What is expected:
Write out the data below in full, unchanged, minus the images.

Data section:
- Opening Delimiter -

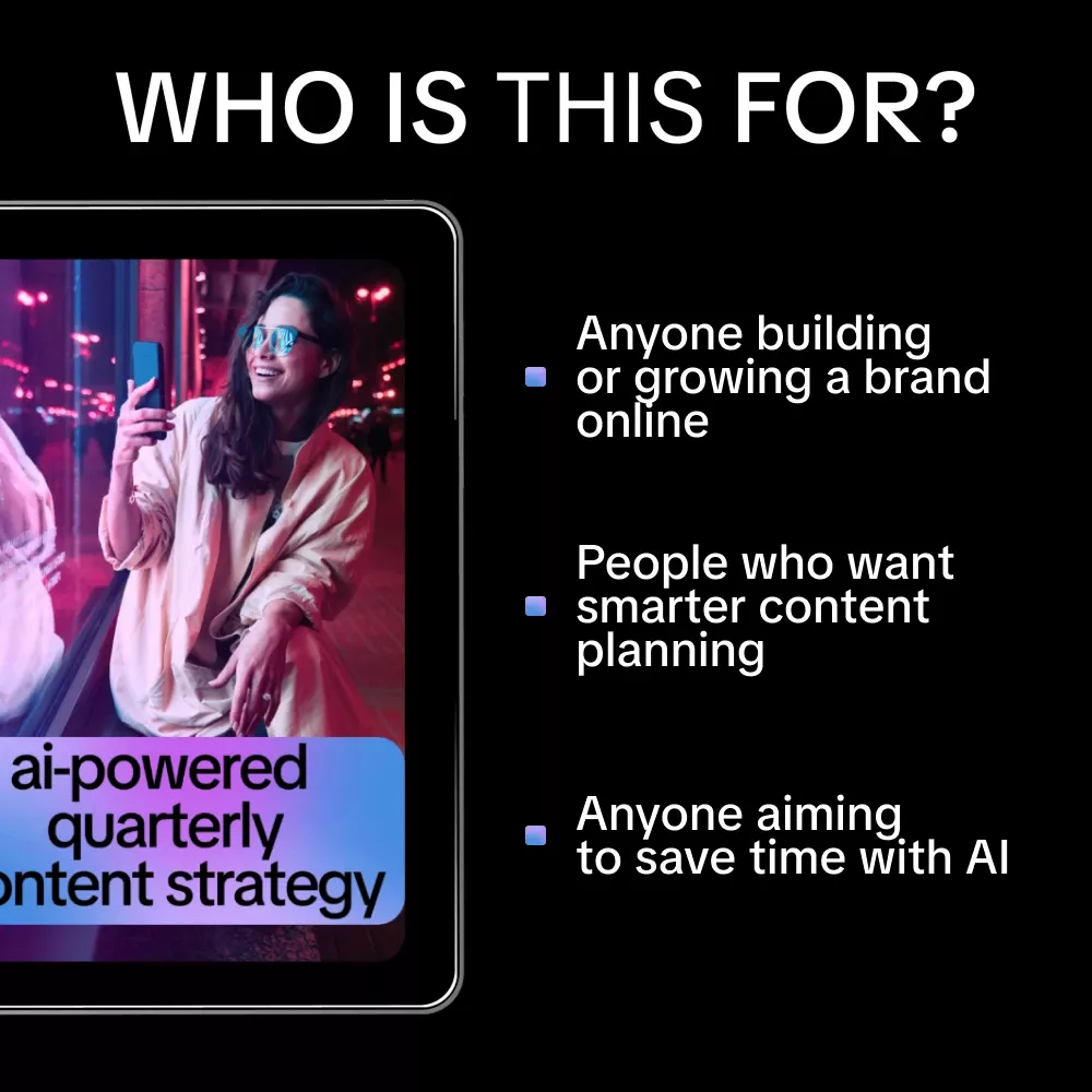 Ready to revolutionize your marketing and content workflow? The AI-Powered Quarterly Content Strategy guide is your ultimate digital download to master quarterly content planning effortlessly. Designed for marketers, entrepreneurs, and content creators, this guide shows you exactly how to use AI to generate a quarterly content strategy that saves time, drives engagement, and delivers measurable results. Whether you’re building a new brand or scaling an existing one, this resource gives you the tools to create a structured, high-performing 90-day content plan with confidence.
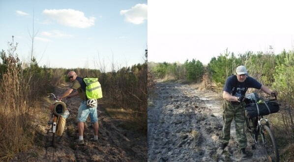Да, классическому турингу не возбраняется покидать асфальт. На хорошей, не слишком горбатой укатанной грунтовке такой вполне себе едет – шины 32 мм уже позволяют. В песок и щебень велосипед, конечно, проваливается. Однако, толщина шин допускает временно приспособить велосипед и для них. Если максимально снизить давление, пятно контакта значительно увеличится, что может выручить на неглубоком песке.
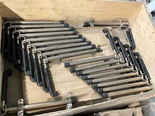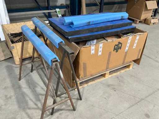 Inhalt besteht aus verschiedenen Edelstahlprofilen, einer 2x-Eisenbrücke, einer Holzkiste mit Türverschlüssen, einem Kühlwagen

- Closing Delimiter -

Output for this task:
 Ready to revolutionize your marketing and content workflow? The AI-Powered Quarterly Content Strategy guide is your ultimate digital download to master quarterly content planning effortlessly. Designed for marketers, entrepreneurs, and content creators, this guide shows you exactly how to use AI to generate a quarterly content strategy that saves time, drives engagement, and delivers measurable results. Whether you’re building a new brand or scaling an existing one, this resource gives you the tools to create a structured, high-performing 90-day content plan with confidence.
Да, классическому турингу не возбраняется покидать асфальт. На хорошей, не слишком горбатой укатанной грунтовке такой вполне себе едет – шины 32 мм уже позволяют. В песок и щебень велосипед, конечно, проваливается. Однако, толщина шин допускает временно приспособить велосипед и для них. Если максимально снизить давление, пятно контакта значительно увеличится, что может выручить на неглубоком песке.
 Inhalt besteht aus verschiedenen Edelstahlprofilen, einer 2x-Eisenbrücke, einer Holzkiste mit Türverschlüssen, einem Kühlwagen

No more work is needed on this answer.